In the entries that follow, find the line containing "Med dette træspil" and the line containing "2015届毕业生毕业典礼暨工", then copy exactly everything from the first through the second except the pictures.

Start of Block

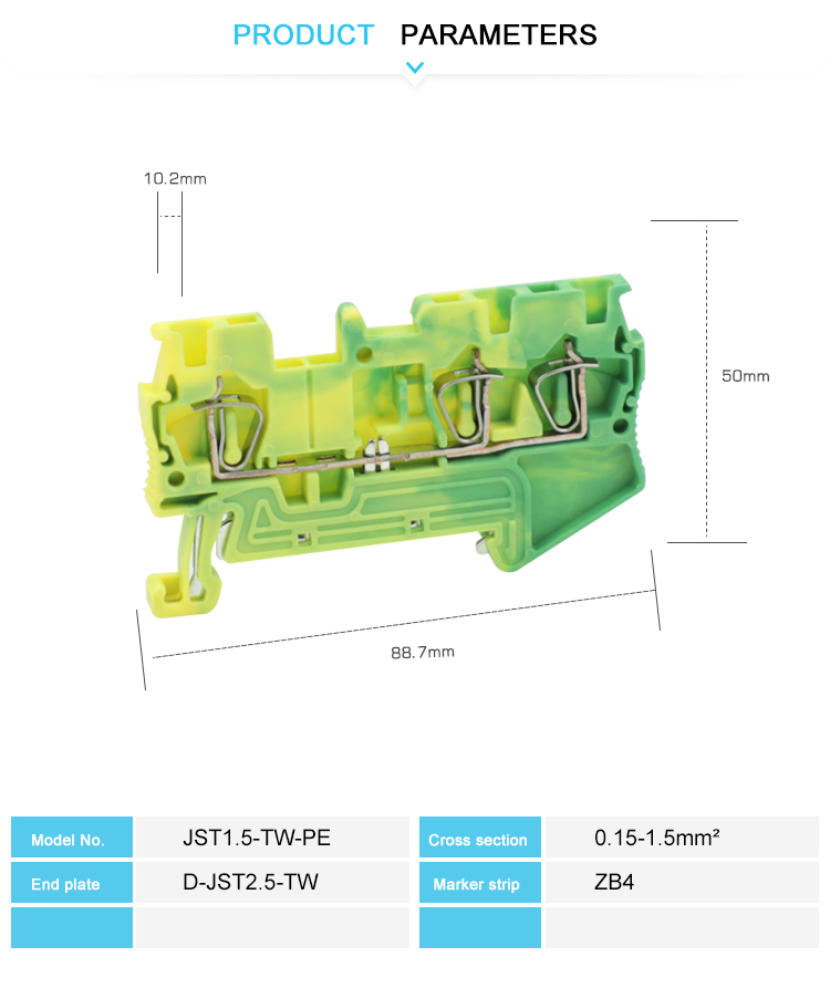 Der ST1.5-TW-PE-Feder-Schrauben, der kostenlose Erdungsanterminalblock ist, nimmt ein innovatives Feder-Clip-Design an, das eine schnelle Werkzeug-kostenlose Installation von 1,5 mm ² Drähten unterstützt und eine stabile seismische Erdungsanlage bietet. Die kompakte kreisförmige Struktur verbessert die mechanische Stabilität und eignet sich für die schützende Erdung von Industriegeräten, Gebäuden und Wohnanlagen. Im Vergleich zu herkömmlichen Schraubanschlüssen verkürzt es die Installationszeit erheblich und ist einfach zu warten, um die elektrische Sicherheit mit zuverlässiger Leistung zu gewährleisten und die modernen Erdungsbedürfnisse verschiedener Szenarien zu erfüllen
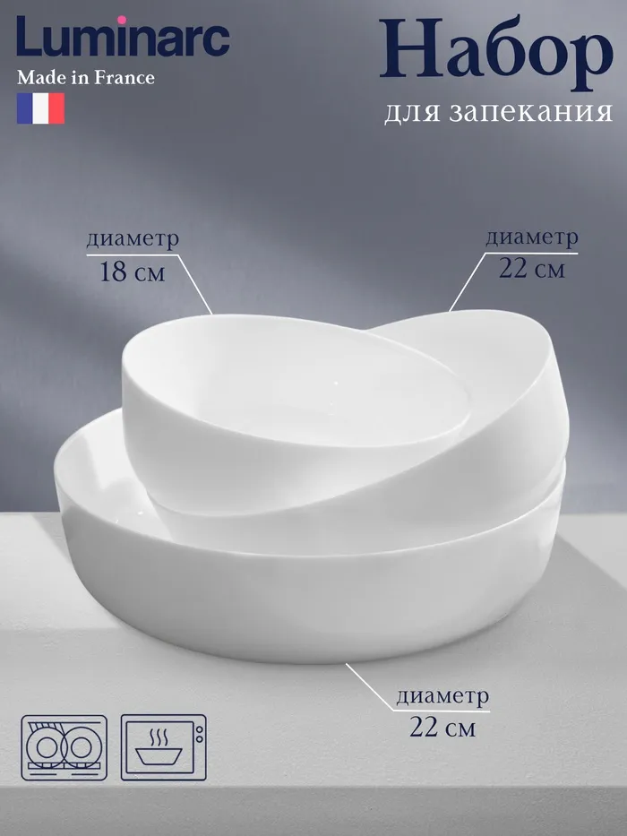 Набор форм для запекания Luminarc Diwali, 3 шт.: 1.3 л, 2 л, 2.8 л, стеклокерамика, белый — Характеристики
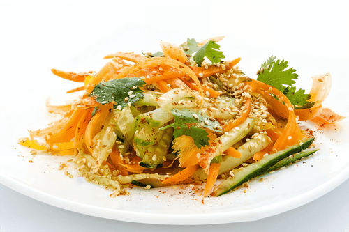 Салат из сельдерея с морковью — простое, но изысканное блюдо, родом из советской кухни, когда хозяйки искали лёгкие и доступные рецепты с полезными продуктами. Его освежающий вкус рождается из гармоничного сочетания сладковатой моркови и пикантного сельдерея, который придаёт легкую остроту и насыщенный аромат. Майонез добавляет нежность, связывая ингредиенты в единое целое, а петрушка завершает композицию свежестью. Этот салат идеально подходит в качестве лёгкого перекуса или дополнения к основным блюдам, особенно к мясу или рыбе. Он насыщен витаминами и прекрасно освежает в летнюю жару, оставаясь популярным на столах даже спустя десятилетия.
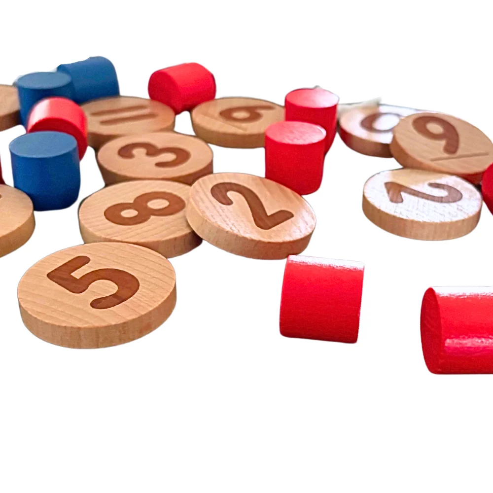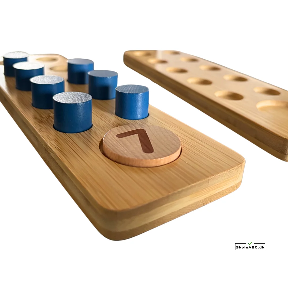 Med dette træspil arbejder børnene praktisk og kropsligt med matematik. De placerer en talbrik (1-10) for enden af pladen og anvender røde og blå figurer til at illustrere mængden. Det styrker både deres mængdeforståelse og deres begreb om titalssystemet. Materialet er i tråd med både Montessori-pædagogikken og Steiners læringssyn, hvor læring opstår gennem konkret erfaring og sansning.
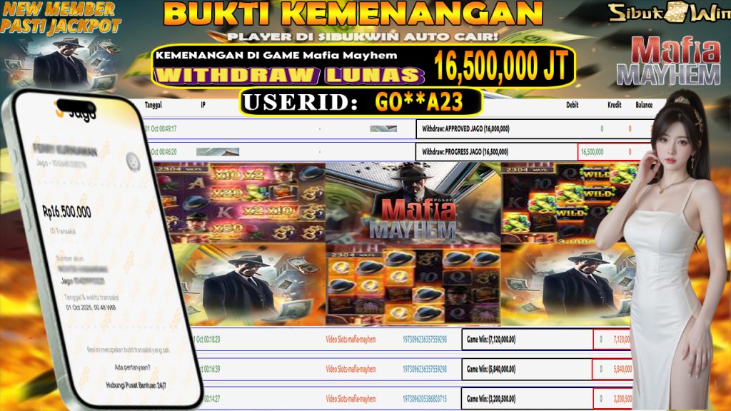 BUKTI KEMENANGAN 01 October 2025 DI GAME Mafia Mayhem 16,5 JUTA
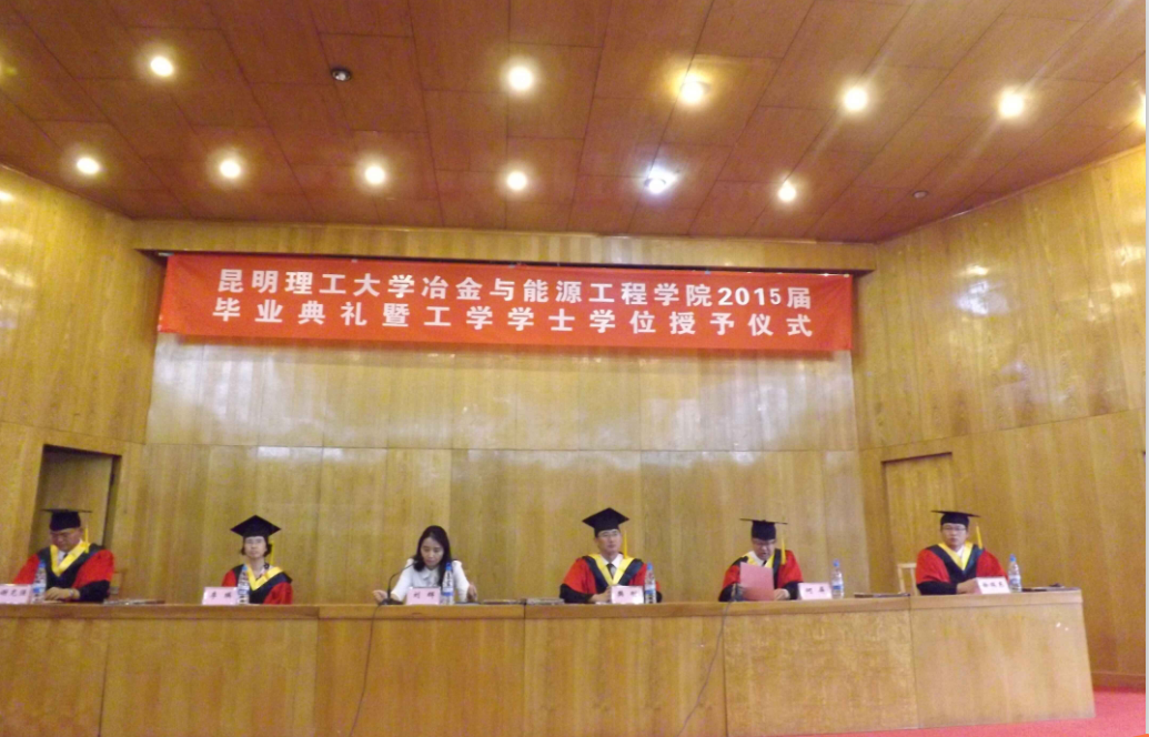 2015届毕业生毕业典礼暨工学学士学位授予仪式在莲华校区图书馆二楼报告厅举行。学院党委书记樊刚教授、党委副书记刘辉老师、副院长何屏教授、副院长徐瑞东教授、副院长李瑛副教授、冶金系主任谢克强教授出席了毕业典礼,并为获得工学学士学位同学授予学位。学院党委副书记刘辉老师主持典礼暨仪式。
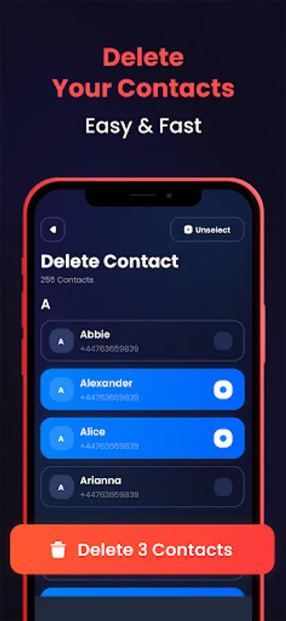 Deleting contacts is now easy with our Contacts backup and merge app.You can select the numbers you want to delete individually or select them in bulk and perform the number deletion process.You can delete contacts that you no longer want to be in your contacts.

End of Block

• Answer below
 Med dette træspil arbejder børnene praktisk og kropsligt med matematik. De placerer en talbrik (1-10) for enden af pladen og anvender røde og blå figurer til at illustrere mængden. Det styrker både deres mængdeforståelse og deres begreb om titalssystemet. Materialet er i tråd med både Montessori-pædagogikken og Steiners læringssyn, hvor læring opstår gennem konkret erfaring og sansning.
 BUKTI KEMENANGAN 01 October 2025 DI GAME Mafia Mayhem 16,5 JUTA
 2015届毕业生毕业典礼暨工学学士学位授予仪式在莲华校区图书馆二楼报告厅举行。学院党委书记樊刚教授、党委副书记刘辉老师、副院长何屏教授、副院长徐瑞东教授、副院长李瑛副教授、冶金系主任谢克强教授出席了毕业典礼,并为获得工学学士学位同学授予学位。学院党委副书记刘辉老师主持典礼暨仪式。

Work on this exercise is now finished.